The allure of full stack is powerful. If one person manages end-to-end delivery, accountability is clear, speed of communication is fast, and people costs are low. Such benefits are particularly attractive for startups looking to move fast, or large companies looking to build innovation teams to exploit new technologies quickly. But as teams, technologies, and companies mature, the shortcomings of full stack may become a concern.
Stacks eventually become complex. Full-stack talent, be they engineers or conversation designers, struggle to keep up with complex technology. If the stack in question is new or its components closely coordinated, a single person can be an expert in all of it. But as technology evolves (as it always does), it's very difficult for any one person to be an expert in the full stack.
You can’t stack tasks.
The need to be able to stack tasks in a workflow (as opposed to working on them in sequence) is often overlooked. For example, an efficient conversational AI delivery team should be able to plan Use Case D while building Use Case C, and testing Use Case B while optimizing Use Case A. Such task-stacking is impossible if one person is responsible for all the tasks.

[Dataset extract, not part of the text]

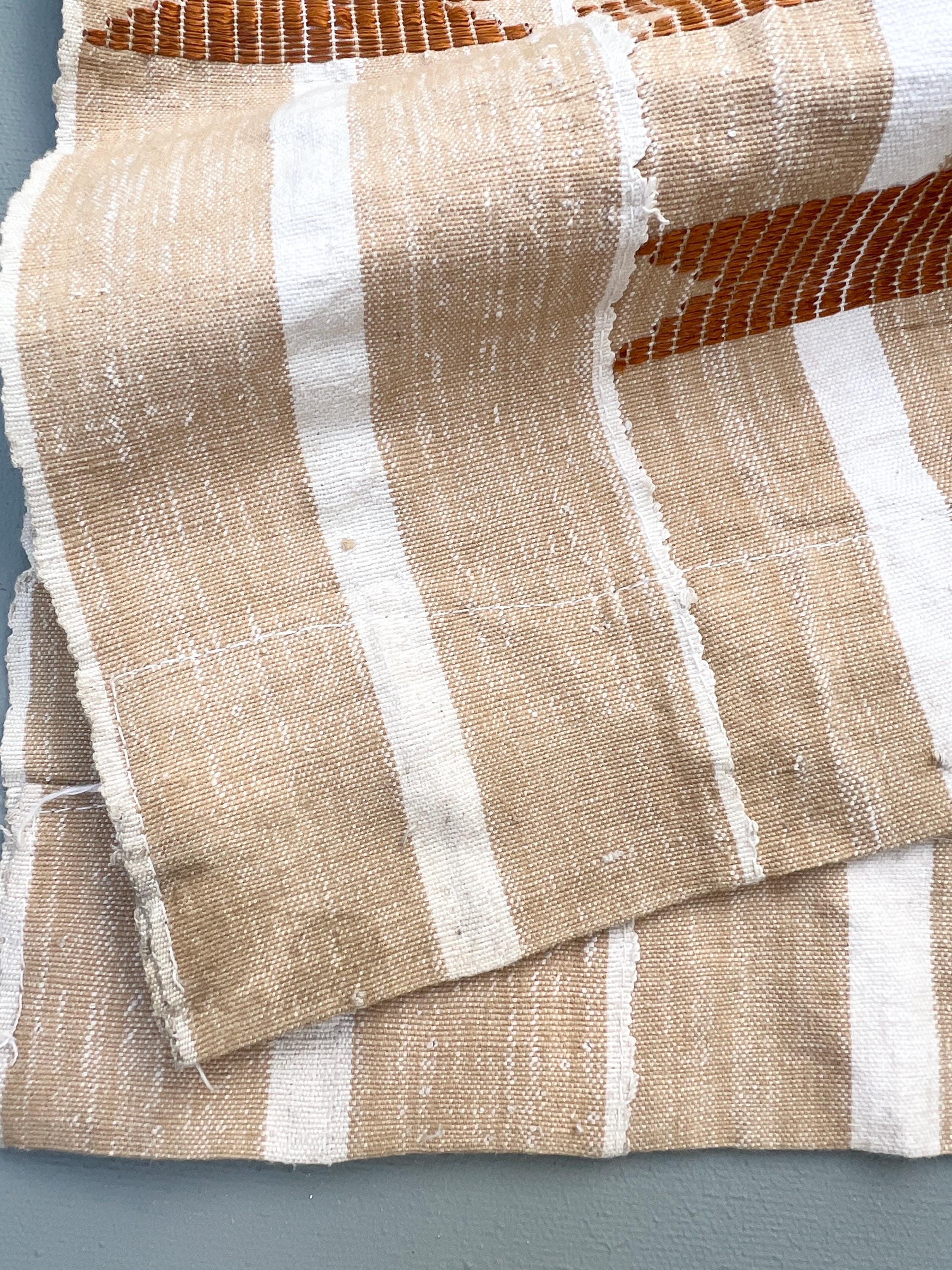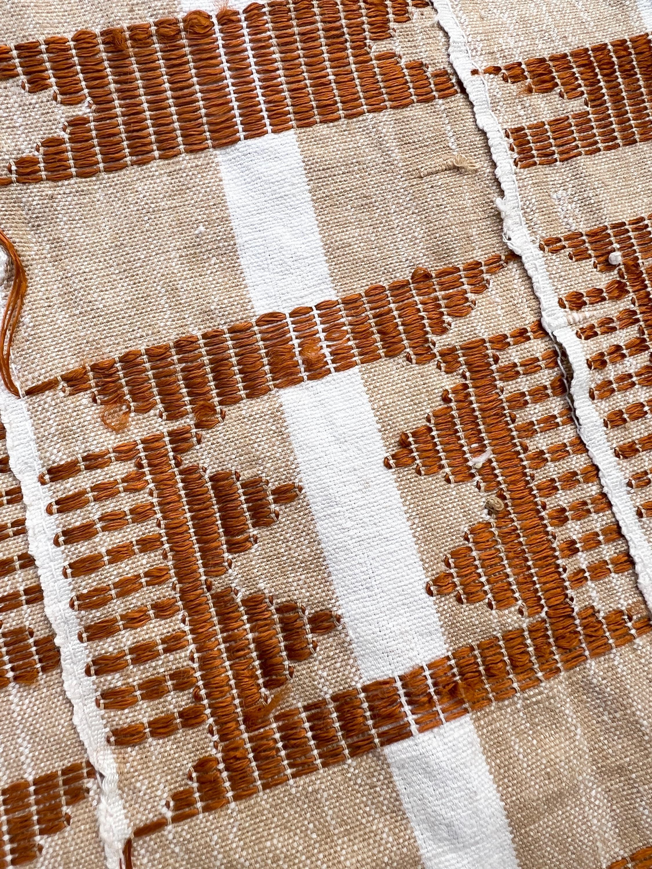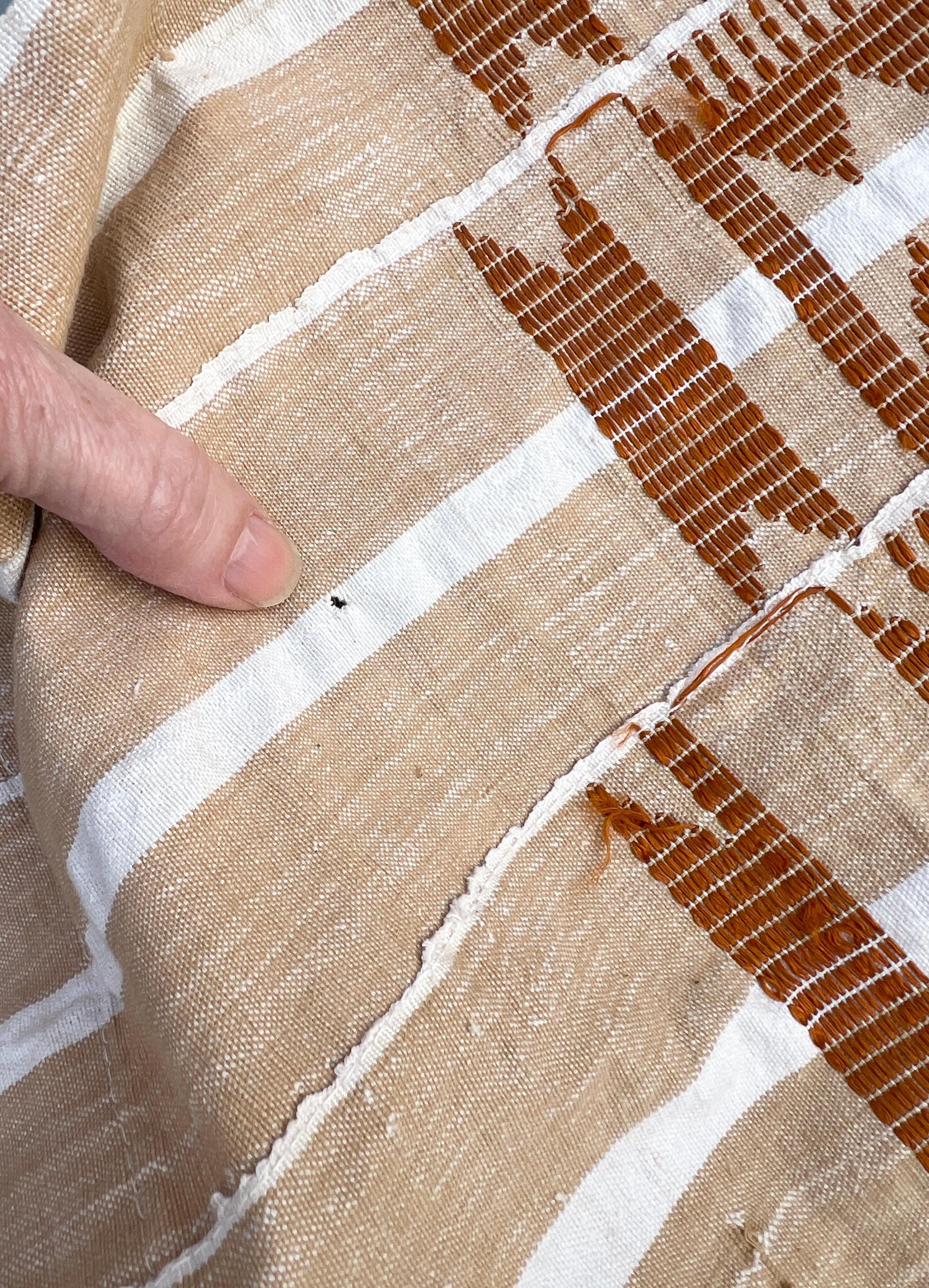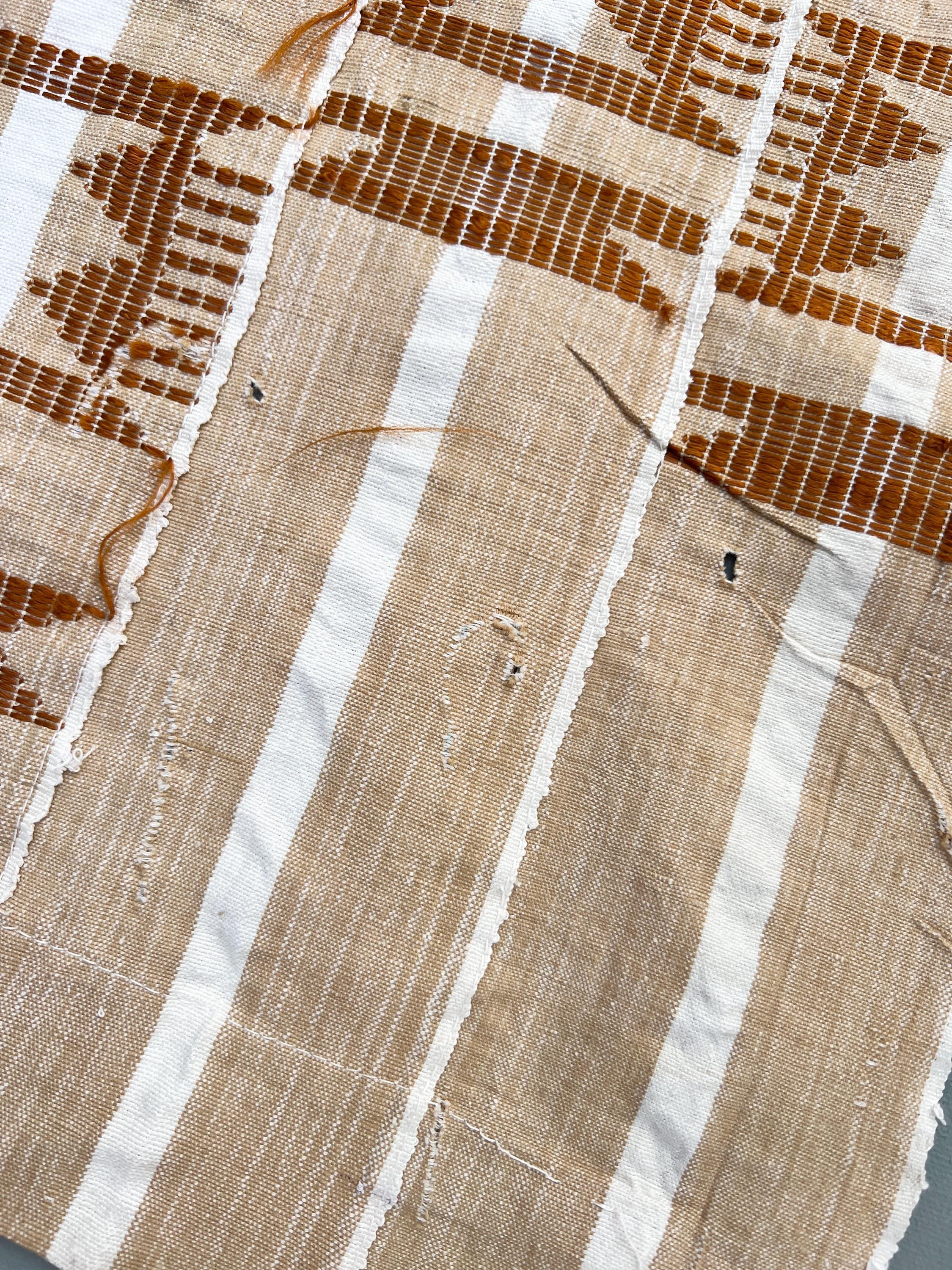 Neutral rust pattern woven on a warm beige and white yarn-dyed stripe backdrop. Tribal designs all stitched on top. Good vintage condition but please examine photos for some very small holes.

Full stack talent is by definition special and hard to find. This also makes it very brittle: lose one or two people from a team, and work grinds to a halt. A team organized around full stack talent is also very difficult to flex: it's much easier to outsource a narrowly-defined specialist role than a full-stack role.
To be clear: there are lots of good reasons to embrace the full-stack concept. This is why so many conversation designers invested time and resources in mastering end-to-end conversational AI delivery, and why so many companies have come to rely on them. However, as a company, you need to assess whether the costs of relying on full-stack conversation designers outweigh the benefits.
The good news is that an alternative concept already exists: the full-stack team. This is an end-to-end delivery team consisting of specialists in planning, design, building, and optimization AI assistants.
They understand language, psychology, ánd technology. Everyone in the team has their strengths and they can lean into those. This modular approach turns all the shortcomings of the full-stack conversation designer on its head:
• Each of your specialists is given the opportunity to do one or two things extraordinarily well, and extraordinarily fast. This is great for output and morale.
• Complexity is less of an issue, allowing your team to embrace new technology faster and with less risk.
• Tasks can be stacked and coordinated across timeframes or even deliverables without reducing quality or burning out team members.
• Your team as a whole is more resilient and can be easily flexed up or down to meet demand.
Contrary to conventional wisdom, a full-stack team of conversational AI specialists at different seniority levels isn’t necessarily more expensive than a team of full-stack conversation designers. Nor does having more people in the mix mean a loss in efficiency or quality. The trick is to have thoughtful processes based on best practices that allow team members to be more productive and more happy.